Activity: From the records below, output exactly the lines running from the line containing "Fortuna Bücherschrank Nr." through the line containing "9月 教育講演会（高野口小体育館）", and no others.

Data extract:
####################
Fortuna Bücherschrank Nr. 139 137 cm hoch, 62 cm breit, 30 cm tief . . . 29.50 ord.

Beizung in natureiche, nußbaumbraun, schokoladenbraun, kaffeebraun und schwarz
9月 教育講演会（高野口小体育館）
####################
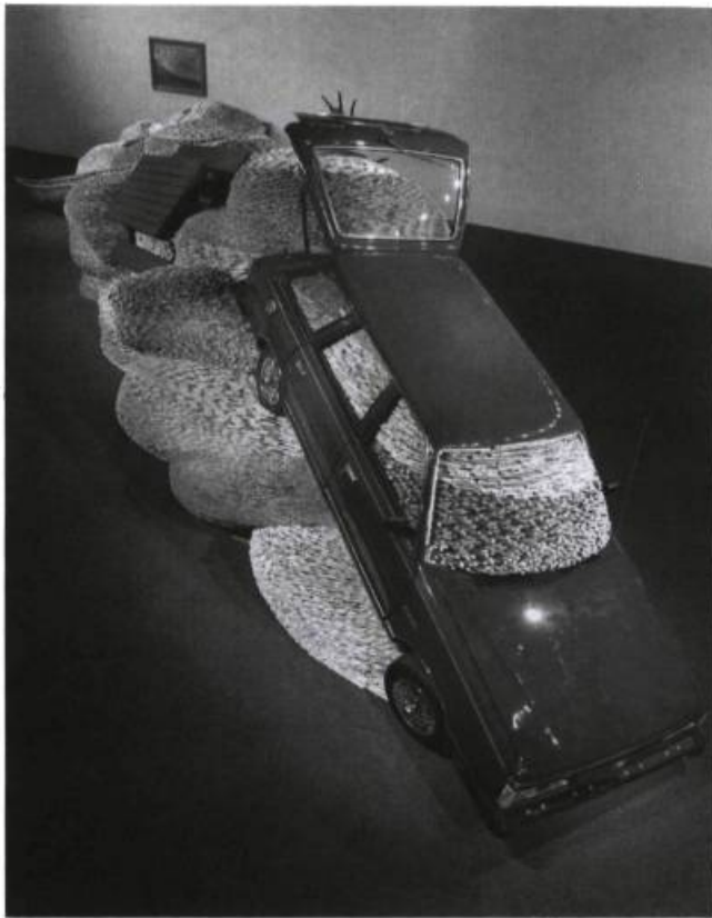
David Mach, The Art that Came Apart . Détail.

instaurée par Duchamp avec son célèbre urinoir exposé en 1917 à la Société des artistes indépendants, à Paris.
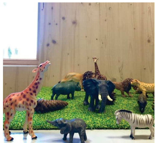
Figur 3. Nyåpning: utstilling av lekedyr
####################
Result for this exercise:
Fortuna Bücherschrank Nr. 139 137 cm hoch, 62 cm breit, 30 cm tief . . . 29.50 ord.

Beizung in natureiche, nußbaumbraun, schokoladenbraun, kaffeebraun und schwarz
9月 教育講演会（高野口小体育館）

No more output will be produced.